A doctor visits her patients during morning rounds. In how many ways can the doctor visit 10 patients during the morning rounds? Show your R code.

#Permutation, without replacement

patients <- 10 
total_ways <- factorial(patients)
print(total_ways)
## [1] 3628800

Solution:

3,628,800

Q7.

If a coin is tossed 7 times, and then a standard six-sided die is rolled 3 times, and finally a group of four cards are drawn from a standard deck of 52 cards without replacement, how many different outcomes are possible? Show your R code.

#combination

coin <- 2
die <- 6
deck <- 52

total_combos <- 
  (coin)^7 *
  (die)^3 *
  choose(52,4)
total_combos
## [1] 7485004800

Solution:

7485004800

Q8.

In how many ways may a party of four women and four men be seated at a round table if the women and men are to occupy alternate seats.

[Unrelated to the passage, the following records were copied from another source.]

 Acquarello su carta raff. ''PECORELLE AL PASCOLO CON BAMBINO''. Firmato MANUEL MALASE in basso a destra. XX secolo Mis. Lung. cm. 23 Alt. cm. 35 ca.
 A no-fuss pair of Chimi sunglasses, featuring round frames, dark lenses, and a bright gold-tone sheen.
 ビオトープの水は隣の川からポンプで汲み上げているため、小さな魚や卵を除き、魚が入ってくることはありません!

Show your R code.

women <- 4
males <- 4

total_options_women <- factorial(women - 1)
total_options_males <- factorial(males)

print(total_options_women * total_options_males)
## [1] 144

Solution:

144

Q9.

An opioid urinalysis test is 95% sensitive for a 30-day period, meaning that if a person has actually used opioids within 30 days, they will test positive 95% of the time P( + | User) =.95. The same test is 99% specific, meaning that if they did not use opioids within 30 days, they will test negative P( - | Not User) = .99. Assume that 3% of the population are users. Then what is the probability that a person who tests positive is actually a user P(User | +)?

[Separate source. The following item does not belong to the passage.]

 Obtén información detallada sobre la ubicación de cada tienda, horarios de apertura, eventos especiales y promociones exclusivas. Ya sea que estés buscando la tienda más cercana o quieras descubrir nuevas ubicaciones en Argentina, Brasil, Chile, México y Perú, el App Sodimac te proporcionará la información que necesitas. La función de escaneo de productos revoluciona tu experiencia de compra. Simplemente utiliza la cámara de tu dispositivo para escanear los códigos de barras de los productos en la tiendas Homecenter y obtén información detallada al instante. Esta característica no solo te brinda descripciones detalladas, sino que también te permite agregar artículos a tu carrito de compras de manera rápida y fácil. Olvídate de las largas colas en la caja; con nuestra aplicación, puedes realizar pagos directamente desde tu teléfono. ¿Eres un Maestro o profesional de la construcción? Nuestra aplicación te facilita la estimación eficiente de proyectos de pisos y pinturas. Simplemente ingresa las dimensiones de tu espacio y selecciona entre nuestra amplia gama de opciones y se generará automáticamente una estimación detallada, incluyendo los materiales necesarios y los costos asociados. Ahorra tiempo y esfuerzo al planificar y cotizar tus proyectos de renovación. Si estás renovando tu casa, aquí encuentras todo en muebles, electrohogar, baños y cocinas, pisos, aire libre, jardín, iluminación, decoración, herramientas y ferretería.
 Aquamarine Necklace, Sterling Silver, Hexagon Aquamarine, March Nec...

\[P(A \mid B)\ = \frac{ P(B \mid A)\ * P(A)}{P(B)}\]

\[P(User \mid +)\ = \frac{ 0.30 * 0.95 } {(0.95*0.03)+(0.01*0.97)}\]

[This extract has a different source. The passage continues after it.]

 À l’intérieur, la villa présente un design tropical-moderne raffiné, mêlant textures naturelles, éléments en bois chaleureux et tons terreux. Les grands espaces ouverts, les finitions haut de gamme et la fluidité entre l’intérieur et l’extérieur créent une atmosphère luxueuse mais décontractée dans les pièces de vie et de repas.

Prob_user_positive <- (0.03 * 0.95)/((0.95*0.03)+(0.01*0.97))
print(Prob_user_positive)
## [1] 0.7460733

Solution:

0.7461 (75%)

Q10.

You have a hat in which there are three pancakes. One is golden on both sides, one is brown on both sides, and one is golden on one side and brown on the other. You withdraw one pancake and see that one side is brown. What is the probability that the other side is brown? Explain.

number_of_golden_side <- 2
probability <- 1/3

print(probability*number_of_golden_side)
## [1] 0.6666667

Solution:

0.6667 (67%). Here we are trying to find the probability that the second side of the pancake is also brown. The chance of getting any pancake from a hat is 1/3, and there are two opportunities for the second side of the pancake to be brown.